Domestic appliances, analysts say, in recent years, home appliance, including midea, haier, etc, outside companies are expanding home appliance "second track", and beauty is buying a library card, Wan Dong medical treatment and a series of "crossover" enterprise, extended its tentacles yan to industrial automation and medical fields such as wisdom, efforts to "technology companies". However, as midea's original home appliances and industrial robots are far apart, there is no professional and technical personnel, professional channels, in the process of integrating kuka through some detours. After Midea's acquisition, due to various problems in the run-in period, Kuka experienced a decline in revenue and profit in consecutive years since 2017, and formed a huge goodwill cost.
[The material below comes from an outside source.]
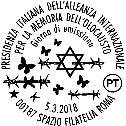 | Vignetta | su uno sfondo tricolore che richiama la bandiera italiana, si evidenziano alcuni fili spinati le cui spine si trasformano in farfalle. A destra, rispettivamente in alto e al centro, sono riprodotti la Stella di David, rappresentativa della civiltà e della religiosità ebraica, e il logo della Presidenza italiana 2018 per l’IHRA - International Holocaust Remembrance Alliance.
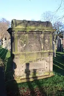 Sir William Fraser died on 13 March 1898, three months after his sister Ann, who had kept house for him since 1846. They share a highly unusual and ornate grave, designed by the architect Arthur Forman Paul,[1] in Dean Cemetery in Edinburgh just south of the northmost path in the north section of the original cemetery.

At the same time, as a German listed company, all decisions of Kuka need to follow the regulatory process of listed companies. Relatively speaking, Kuka is independent in operation, and Midea Group cannot interfere in its business matters and personnel structure too much. As Midea privatises Kuka, Kuka becomes a wholly-owned subsidiary of Mei, which will improve the efficiency of communication and decision-making.


In recent years, Kuka's revenue in The Chinese market has been growing. In the first half of 2021, Kuka achieved revenue of 1.529 billion euros, of which the Chinese market contributed 262 million euros. China is already the world's largest market for industrial robots, and midea is expected to further increase kuka's share of revenue in China after privatizing the company.